Provided, That decals and stickers may be posted only in any of the authorized posting areas provided in
paragraph (f) of Section 21 hereof.

Section 21 (f) of the same resolution provides:

Sec. 21(f). Prohibited forms of election propaganda. —

It is unlawful:

xxx xxx xxx

(f) To draw, paint, inscribe, post, display or publicly exhibit any election propaganda in any place, whether
public or private, mobile or stationary, except in the COMELEC common posted areas and/or billboards, at
the campaign headquarters of the candidate or political party, organization or coalition, or at the
candidate's own residential house or one of his residential houses, if he has more than one: Provided, that
such posters or election propaganda shall not exceed two (2) feet by three (3) feet in size.
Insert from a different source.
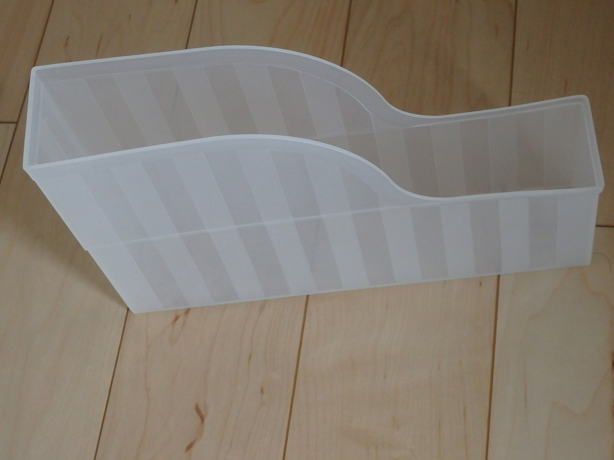 これも郵便物や紙を入れるために使っていましたが、上記のものと同じ理由で使わなくなったので捨てることにしました。というかですね、ファイル立てを2個買うなら同じものにしないと落ち着きませんよね。

-Petitioner Blo Umpar Adiong, a senatorial candidate in the May 11, 1992 elections now assails
the COMELEC's Resolution insofar as it prohibits the posting of decals and stickers in "mobile"
places like cars and other moving vehicles. According to him such prohibition is violative of
Section 82 of the Omnibus Election Code and Section 11(a) of Republic Act No. 6646. In addition,
the petitioner believes that with the ban on radio, television and print political advertisements,
he, being a neophyte in the field of politics stands to suffer grave and irreparable injury with this
prohibition. The posting of decals and stickers on cars and other moving vehicles would be his
last medium to inform the electorate that he is a senatorial candidate in the May 11, 1992
elections. Finally, the petitioner states that as of February 22, 1992 (the date of the petition) he
has not received any notice from any of the Election Registrars in the entire country as to the
location of the supposed "Comelec Poster Areas."

Issue: WON the COMELEC may prohibit the posting of decals and stickers on "mobile" places,
public or private, and limit their location or publication to the authorized posting areas that it
fixes.

Held:
-The prohibition on posting of decals and stickers on “mobile” places whether public or private
except in authorized areas designated by the COMELEC becomes censorship which cannot be
justified by the Constitution.

-The posting of decals and stickers on cars, calesas, tricycles, pedicabs and other moving
vehicles needs the consent of the owner of the vehicle. Hence, the preference of the citizen
becomes crucial in this kind of election propaganda not the financial resources of the candidate.
Whether the candidate is rich and, therefore, can afford to doleout more decals and stickers or
poor and without the means to spread out the same number of decals and stickers is not as
important as the right of the owner to freely express his choice and exercise his right of free
speech. The owner can even prepare his own decals or stickers for posting on his personal
property. To strike down this right and enjoin it is impermissible encroachment of his liberties.